» **About this exercise**
No pictures go in the copy; everything else in the records below must be output exactly.

» **Input data**
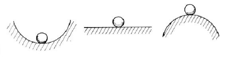 Nel caso di sistemi meccanici rigidi la condizione di stabilità dell’equilibrio dipende dalla configurazione geometrica, di vincolo e di carico del sistema. Risulta invece indipendente dall’entità dei carichi agenti. Un esempio chiarificatore, che illustra efficacemente le diverse configurazioni di equilibrio, è il caso della sfera pesante vincolata a una superficie. La configurazione di equilibrio stabile, come è facile intuire, è quella corrispondente a un minimo di tale superficie, mentre quella di equilibrio instabile corrisponde a un massimo della superficie. Una configurazione di equilibrio indifferente è invece caratterizzata da una tangente orizzontale della superficie nel punto di equilibrio.
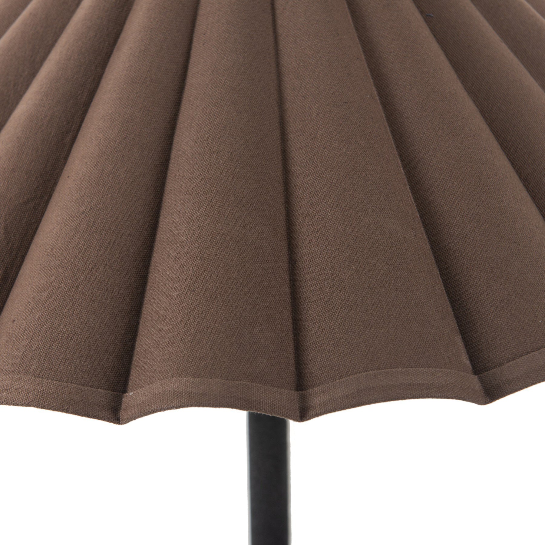 Textures and deep hues unite for this floor lamp's beautiful glow. The scalloped shade features a dark or creamy white canvas exterior covering an antiqued brass interior, and wrought iron pull chains adjust each lightbulb in Baroque-era form.
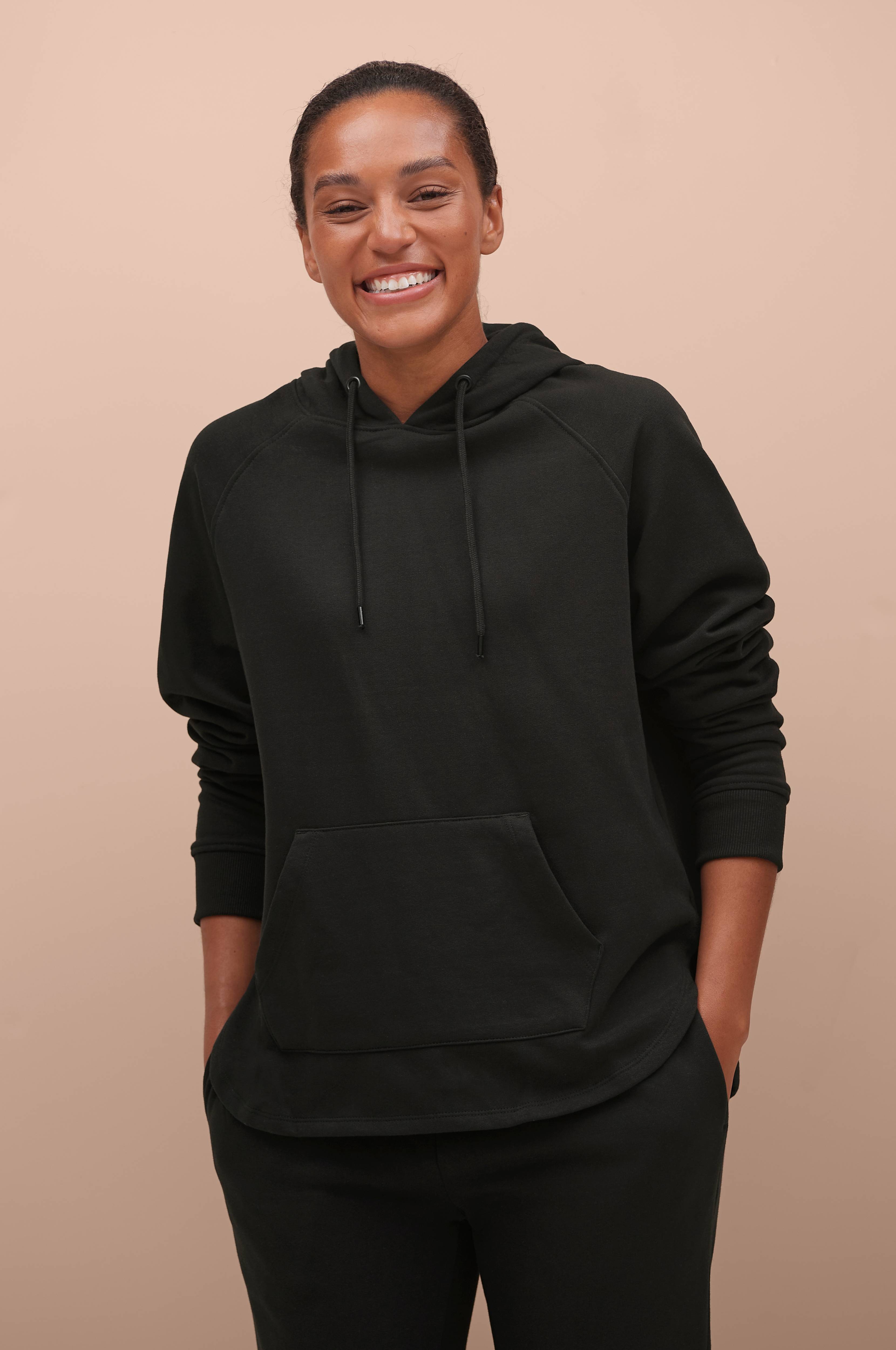Dejligt med en hættetrøje, der ikke har ribkant i bunden.
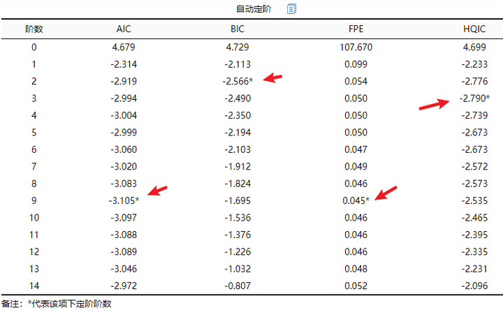 滞后阶数让系统自动定阶,当然研究者也可以自主设置阶数,具体设置原则建议结合专业知识,或者信息准则越小越好进行判断,多次构建模型对比不同滞后阶数时信息准则的大小,选择出信息准则最小对应的滞后阶数模型即可。
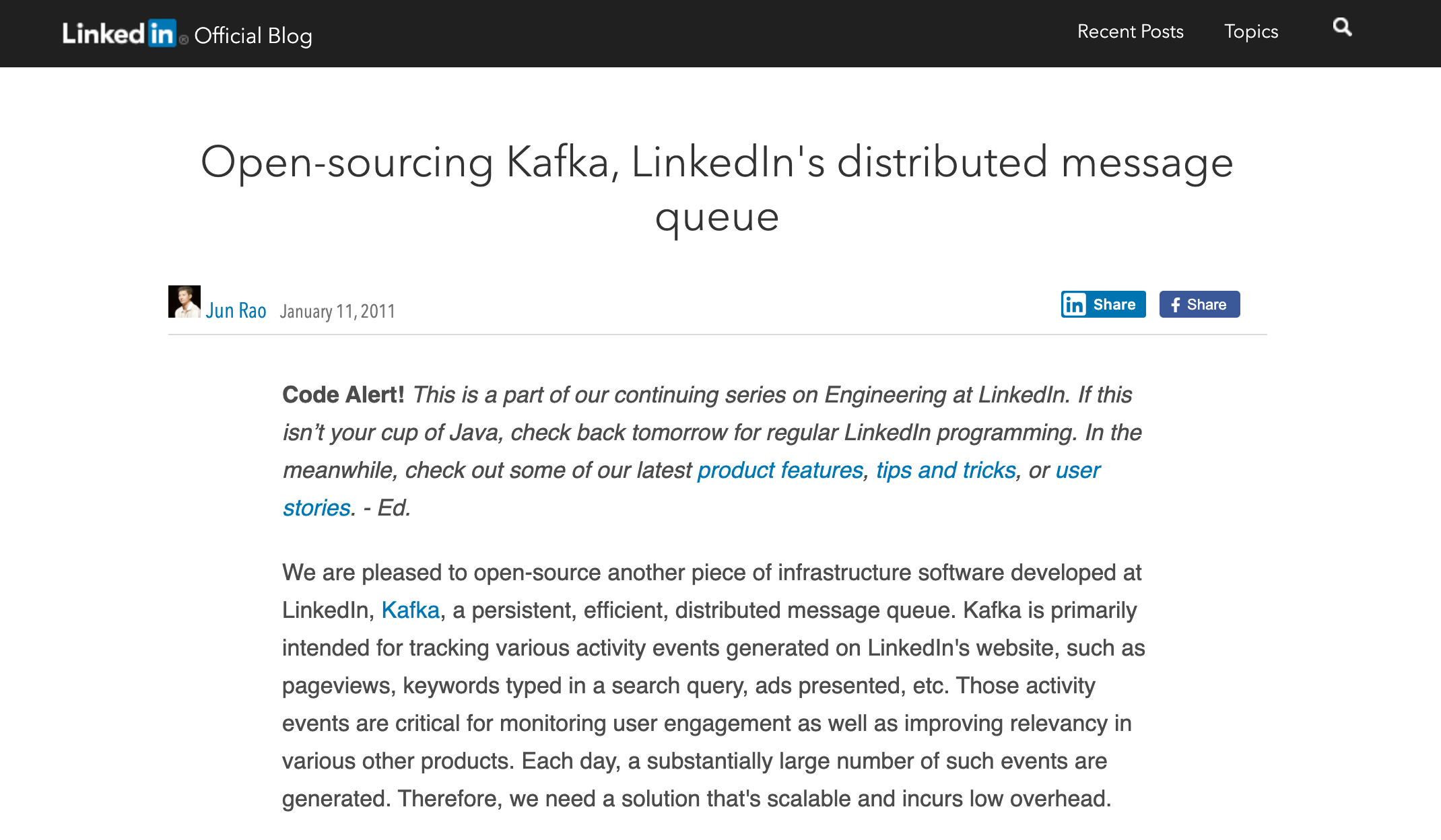 분산 메시징 시스템 카프카(Kafka)의 간단한 역사와 이름의 의미 본문
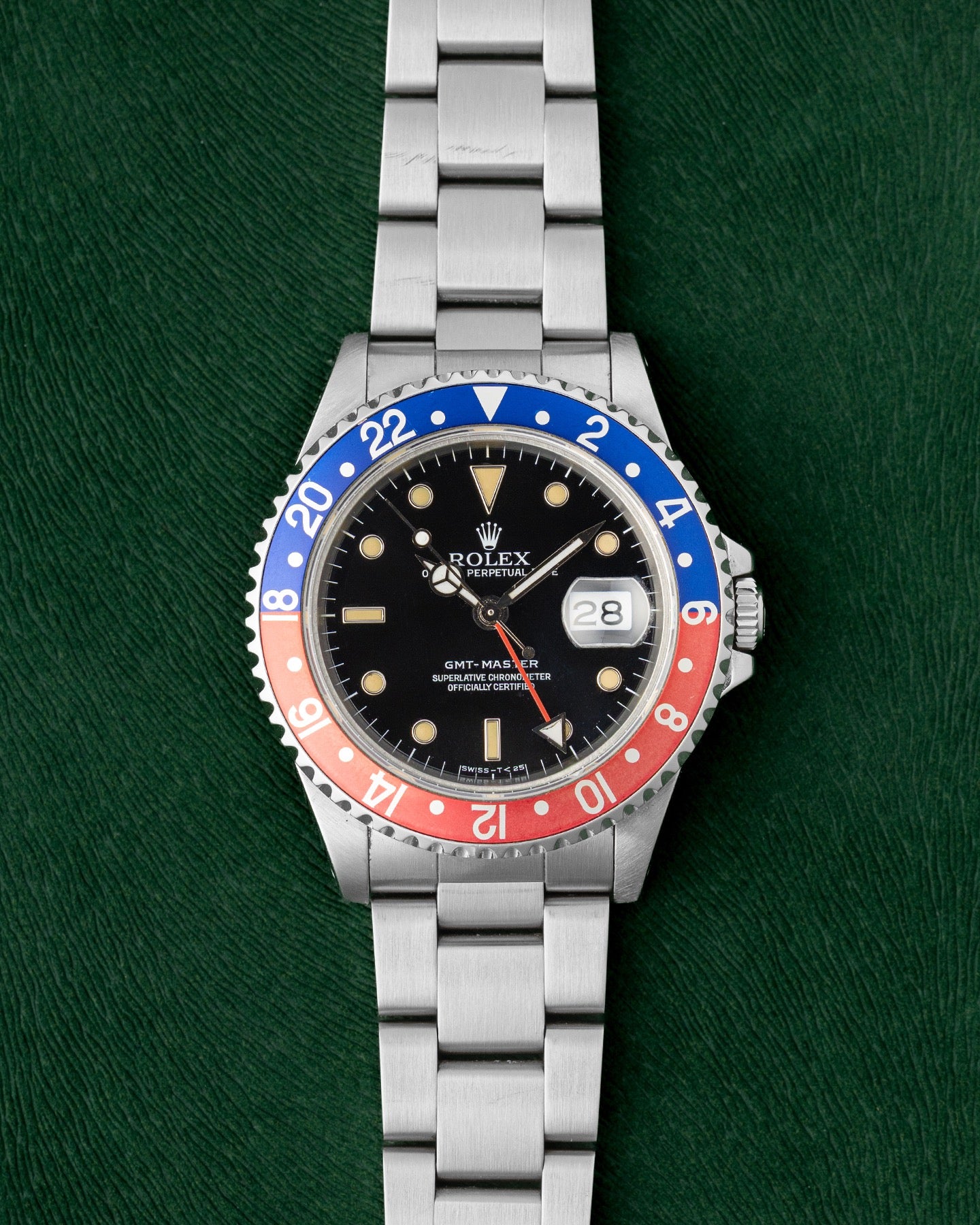 The GMT Master was first commissioned in the 1950s by pioneering airline Pan Am, and was designed for aviation. An increase in flight distances created demand for a watch that was able to tell the time in two different parts of the world simultaneously, so Rolex built it with an additional hand set to a 24-hour display on the rotating bezel. By the 1980s, the watch had developed into the GMT Master II, but Rolex continued to produce and improve the original Master pieces concurrently, resulting in the Ref. 16700 that ran from 1988 to 1999. The 16700 introduced innovations such as sapphire crystal, white gold indexes and a new steel case.

» **Reply**
 Nel caso di sistemi meccanici rigidi la condizione di stabilità dell’equilibrio dipende dalla configurazione geometrica, di vincolo e di carico del sistema. Risulta invece indipendente dall’entità dei carichi agenti. Un esempio chiarificatore, che illustra efficacemente le diverse configurazioni di equilibrio, è il caso della sfera pesante vincolata a una superficie. La configurazione di equilibrio stabile, come è facile intuire, è quella corrispondente a un minimo di tale superficie, mentre quella di equilibrio instabile corrisponde a un massimo della superficie. Una configurazione di equilibrio indifferente è invece caratterizzata da una tangente orizzontale della superficie nel punto di equilibrio.
 Textures and deep hues unite for this floor lamp's beautiful glow. The scalloped shade features a dark or creamy white canvas exterior covering an antiqued brass interior, and wrought iron pull chains adjust each lightbulb in Baroque-era form.
Dejligt med en hættetrøje, der ikke har ribkant i bunden.
 滞后阶数让系统自动定阶,当然研究者也可以自主设置阶数,具体设置原则建议结合专业知识,或者信息准则越小越好进行判断,多次构建模型对比不同滞后阶数时信息准则的大小,选择出信息准则最小对应的滞后阶数模型即可。
 분산 메시징 시스템 카프카(Kafka)의 간단한 역사와 이름의 의미 본문
 The GMT Master was first commissioned in the 1950s by pioneering airline Pan Am, and was designed for aviation. An increase in flight distances created demand for a watch that was able to tell the time in two different parts of the world simultaneously, so Rolex built it with an additional hand set to a 24-hour display on the rotating bezel. By the 1980s, the watch had developed into the GMT Master II, but Rolex continued to produce and improve the original Master pieces concurrently, resulting in the Ref. 16700 that ran from 1988 to 1999. The 16700 introduced innovations such as sapphire crystal, white gold indexes and a new steel case.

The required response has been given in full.